Biden on 9/11 Anniversary: Old Man Yells At Cloud

Joe Biden’s handlers thought it would be best if the illegitimate president didn’t deliver a live speech on the anniversary of 9/11 so he recorded a video days before. On Saturday he did visit all 3 sites of the terrorist attacks 20 years ago but he’s still Joe Biden so it wasn’t the optics win his puppet masters were hoping for.

In Shanksville, Pennsylvania, Biden did that creepy thing where he leans and whispers loudly and sarcastically:

Next to falling asleep and forgetting things, this creepy whispering has become go-to weird move.

According to Axios, Biden said he went to the Shanksville fire station and, “took photos with boys wearing Trump hats.”

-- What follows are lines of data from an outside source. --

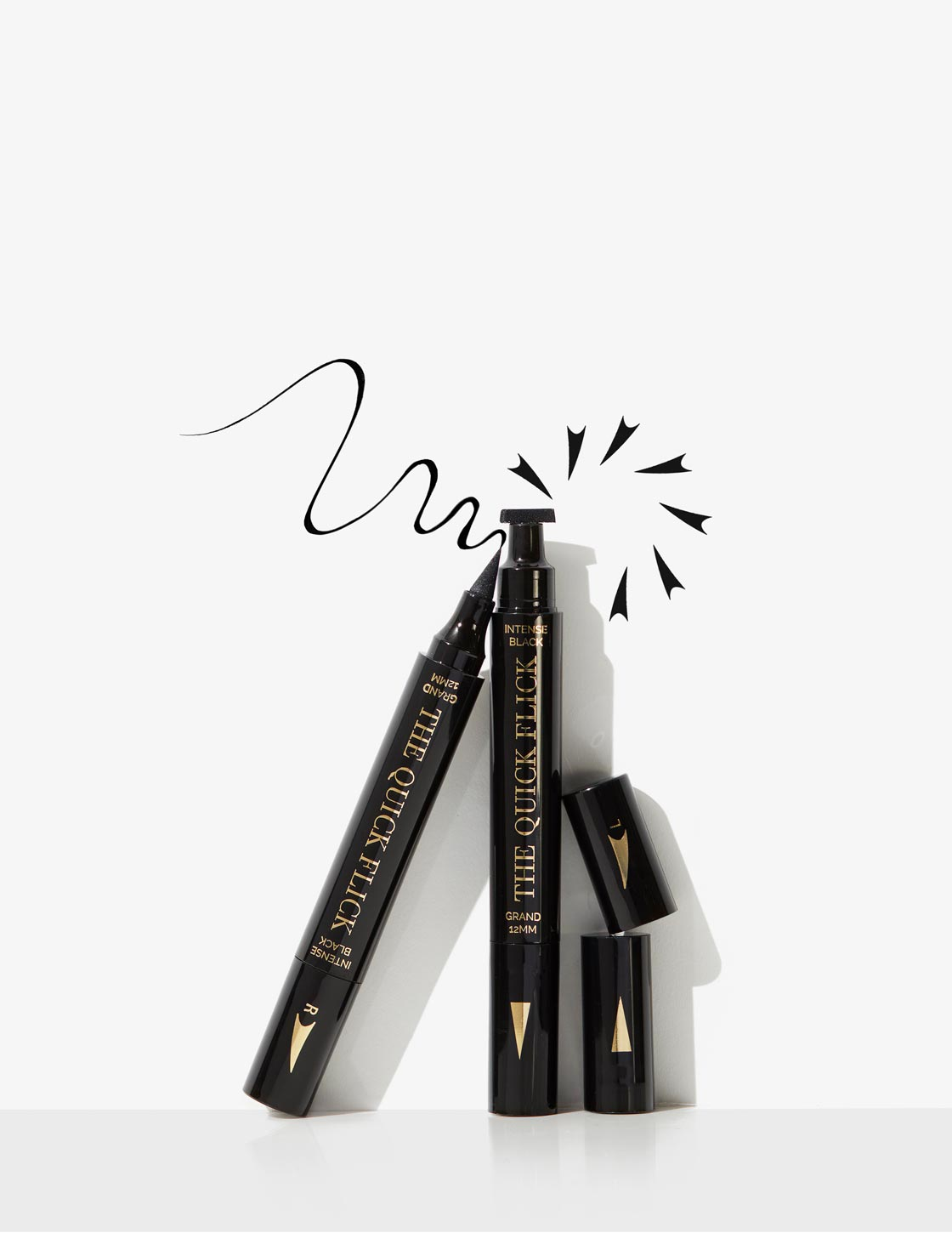 Each Quick Flick pack comes complete with two dual ended eyeliner pens. Each pen features a wing stamp (one for the left eye and one for the right) as well as two precision felt tip eyeliners to complete your look.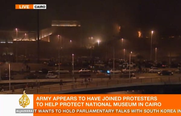 Al-Jazeera is reporting a troubling development at the Egyptian Museum in Cairo. The Qatar-based news network has been extensively covering the political protests that have engulfed Egypt, causing the country to cut off the internet to those within its borders. Al-Jazeera has been showing images of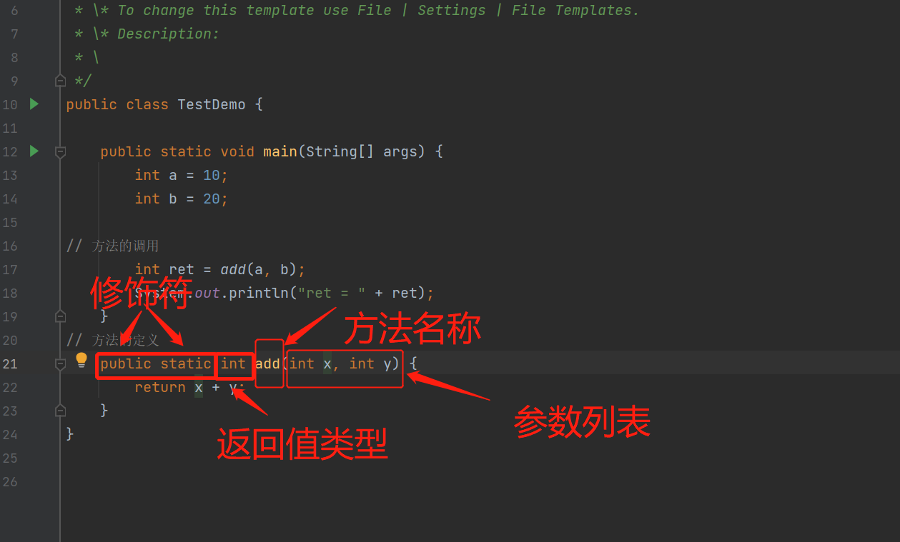 //方法定义 public static 方法返回值 方法名称([参数类型 形参 …]){ 方法体代码; [return 返回值]; } // 方法调用 返回值变量 = 方法名称(实参…);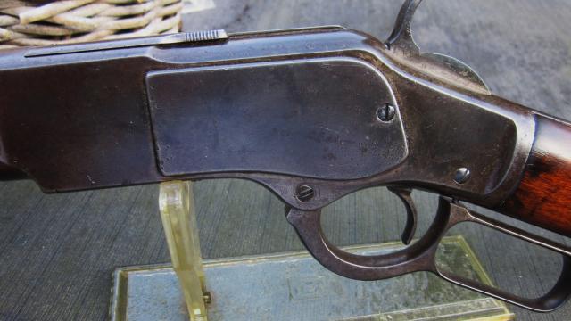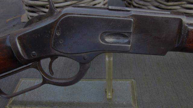 Betreft een mooie orginele Winchester 1873 musket cal 44 /40 met nog zeer mooie patina ,mooie kolf en zeer mooie loop met mooie trekken en velden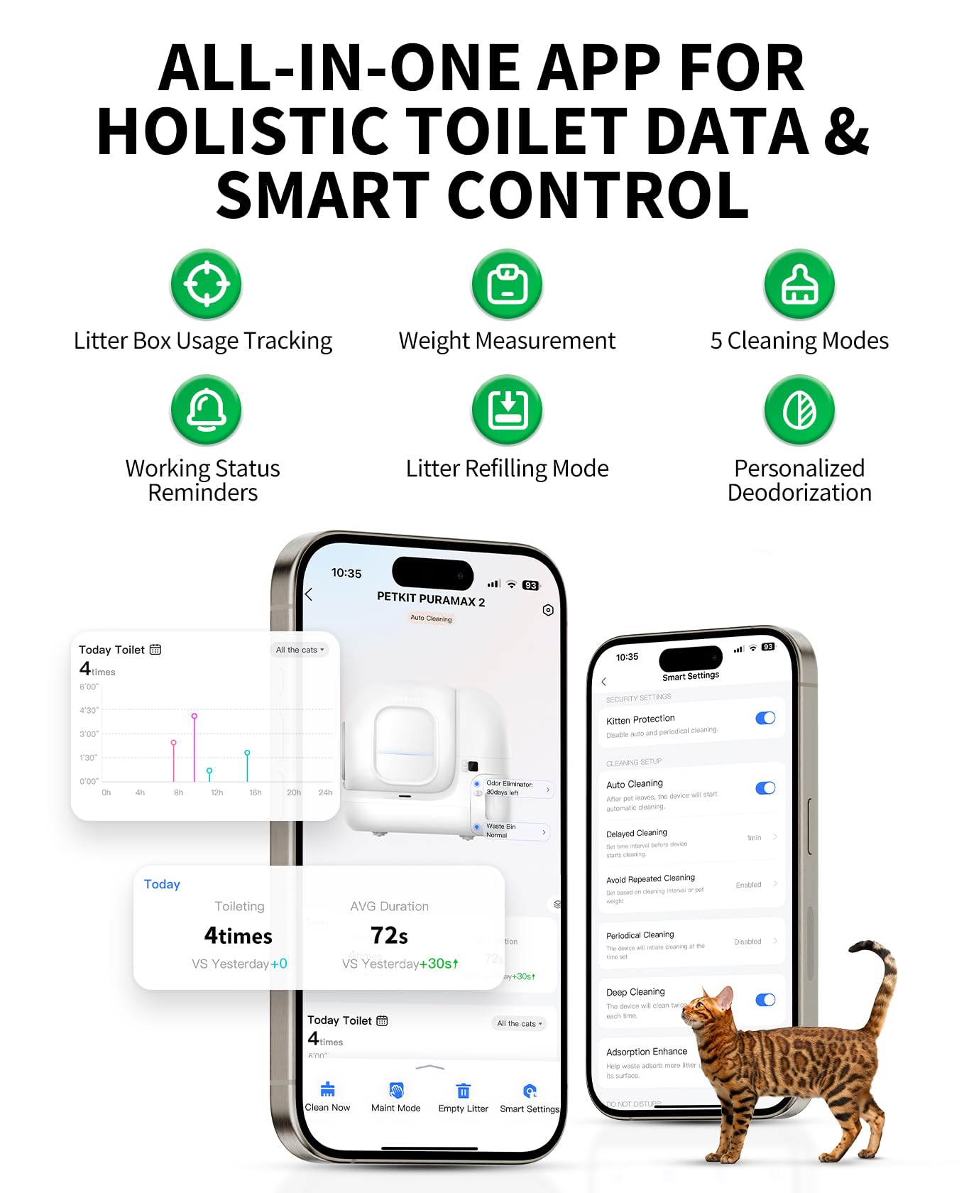 PETKIT PuraMax 2 Automatic Self-Cleaning Cat Litter Box, App Control Scoop-Free Litter Box with Anti-Leakage Waterproof Litter Pad Max, 2.4G WiFi, Basic Bundle Includes N50 2.0 and 1 Roll Trash Bag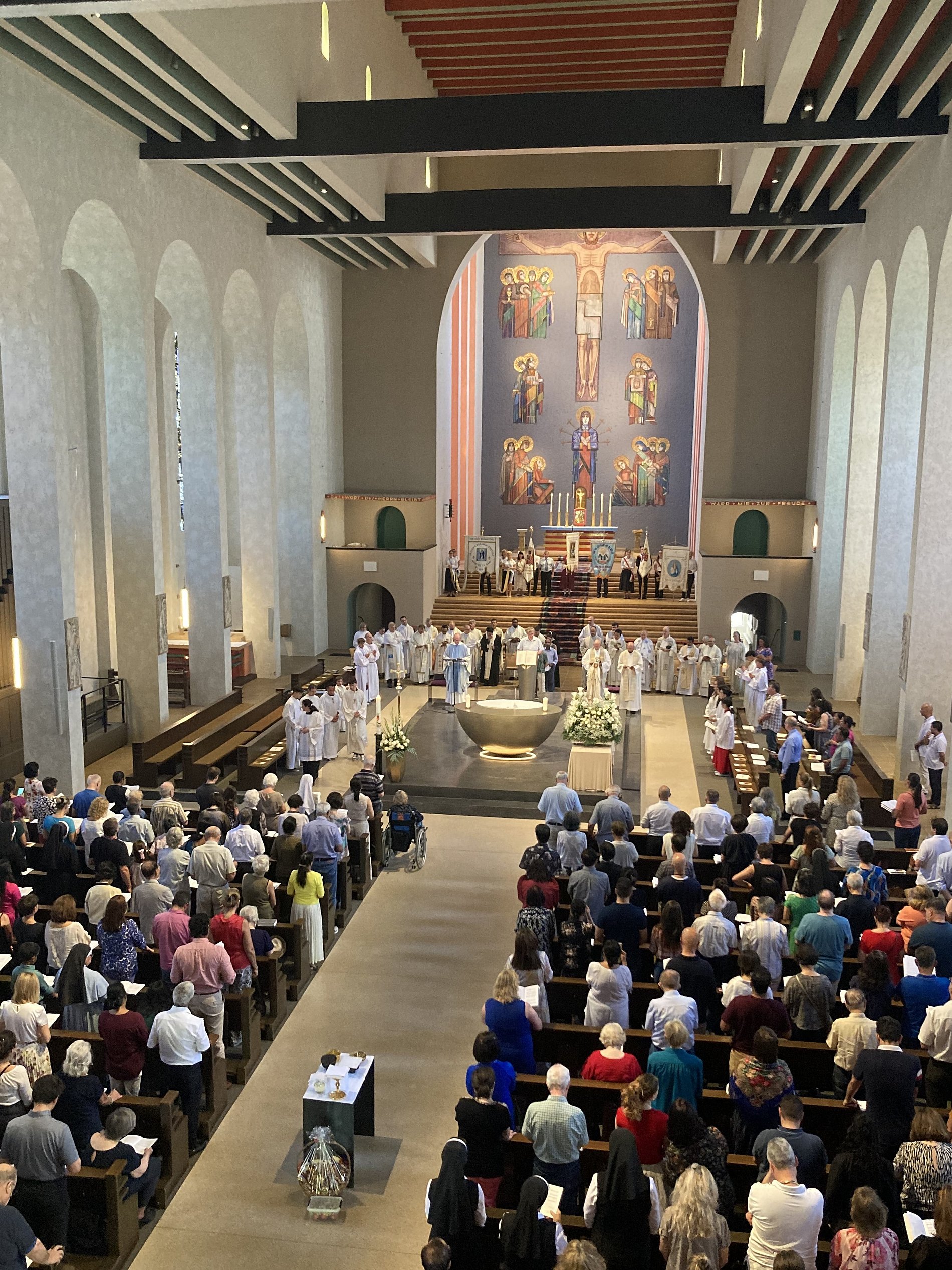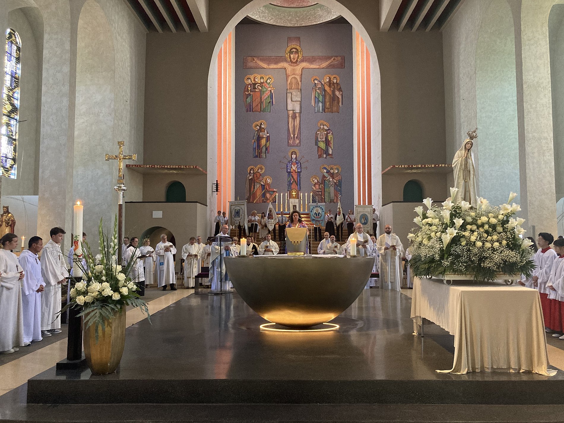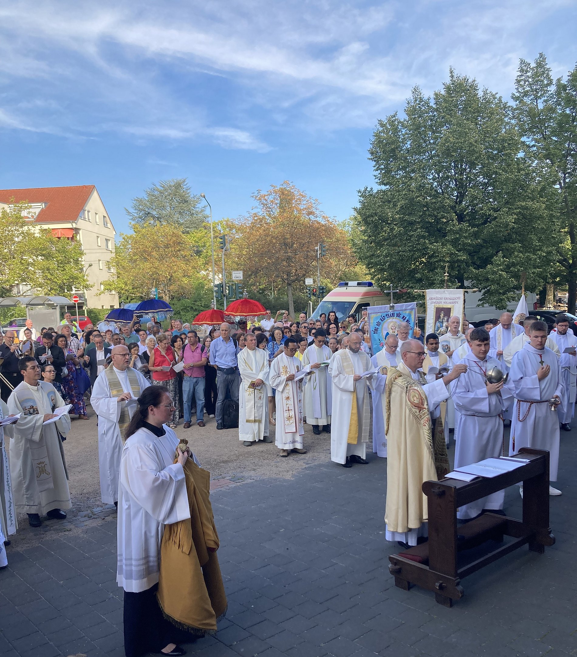 Vor dem Gottesdienst herrscht gespannte Erwartung. Einige Gläubige warten draußen mit den Prozessionswappen ihrer Gemeinden, während in der Kirche der Rosenkranz gebetet wird. Im Rosenkreuzgang der Kirche, dessen Pfeiler die Namen der Gefallenen tragen, versammeln sich die Presbyter, die Pastoralassistentinnen und Pastoralassistenten, um sich in weiße Gewänder zu kleiden; der Maronit Pater Gabi trägt schwarz: Schließlich geht es um die Gemeinden anderer Sprachen aber auch anderer Riten. Draußen stehen seit Stunden aufgeklappte Bänke und Tische für die Erfrischung im Anschluss an die Zeremonie.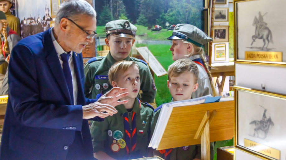 Na zdjęciach udało nam się uchwycić zwiedzających muzeum z przewodnikiem harcerzy z 21. drużyny harcerskiej Plejady wraz z ich opiekunką. Atmosfera w muzeum była pełna entuzjazmu i ciekawości, a uczestnicy jubileuszu wyrażali swoje zadowolenie i podziw dla starannie przygotowanej ekspozycji. Młodzi harcerze znaleźli nawet kilka przedmiotów związanych z ich działalnością. Na koniec zwiedzania, Pan przewodnik zagrał dla grupki melodię na pianinie, do której razem z nimi zaśpiewał.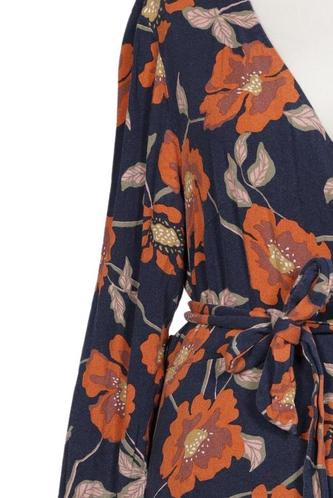 | Details | Jersey, Langarm, Bindegürtel, Wickeloptik, V-Ausschnitt, Floral |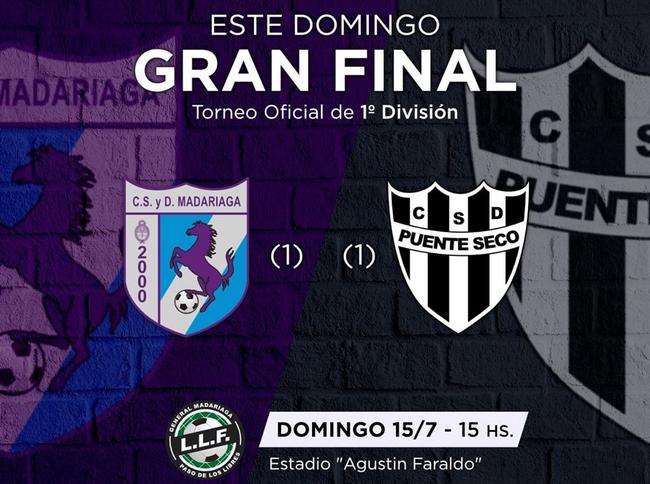 Con gran expectativa, llega a su fin el torneo oficial de primera división, que consagrará este domingo a Puente Seco o al Club Madariaga, quienes vienen de un empate (1-1) en el partido de ida. El mismo día, está previsto que se juegue la semifinal de quinta división.

Axios also mined this Biden quote, giving it no context:

“Are we going to, in the next four, five, six, ten years, demonstrate that democracies can work, or not?” Biden said.

Huh? Is that Biden accidentally admitting that his grand scheme is to destroy democracy?

Biden also went to the Pentagon to lay a wreath with his wife Jill and illegitimate vp Kamala Harris and her boytoy Doug. There was no interaction with that press at that stop, for obvious reasons.

In NYC, Biden was joined by former presidents Bill Clinton and Barack Obama, plus their insipid wives. Again, there was no press questions, but someone did manage to capture this picture:

What the hell is going on here? The guy is f*cking crazy. I couldn’t find any explanation for what we’re seeing here, but they say a picture is worth a thousand words, and I have at least a couple hundred.

At the time this photo was snapped, the names of the people who died in the Twin Towers were being read so maybe Joe was yelling, “Don’t forget my son Beau!” Actually, that’s too lucid a thought for Joe so he was probably just yelling incoherently at a cloud like Abe Simpson:

The look on Jill Biden’s face is priceless. She is mortified and seems to be pleading with billionaire gun-grabber Michael Bloomberg for some help. “Mike, I can’t do this anymore. He’s like this all the time.”

You can’t see what Michelle Obama’s reaction is because Joe’s head is blocking her face but you do get a sense of what a hulking Sasquatch she is. Damn, that’s a big bitch.

Barack Obama is looking at Joe like, “That honky be crazy.” Barack didn’t leave much of a legacy, at least not anything good, in his 8 years in the White House and now he realizes that the only thing people will remember him for is crazy-ass Joe Biden.

Hillary Clinton has a look of disgust and disappointment on her face. She must be thinking, “How is this lunatic in the White House instead of me?”

Bill Clinton on the hand had spotted a hot piece of ass and is trying to figure out if he can give Hillary the slip so he can hit that shit.

Biden’s handlers were hoping to avoid embarrassment on 9/11 by having him pre-record a statement but they failed to account for Joe’s raging insanity. Clearly the only safe way forward is to hide him in basement and wait out his term.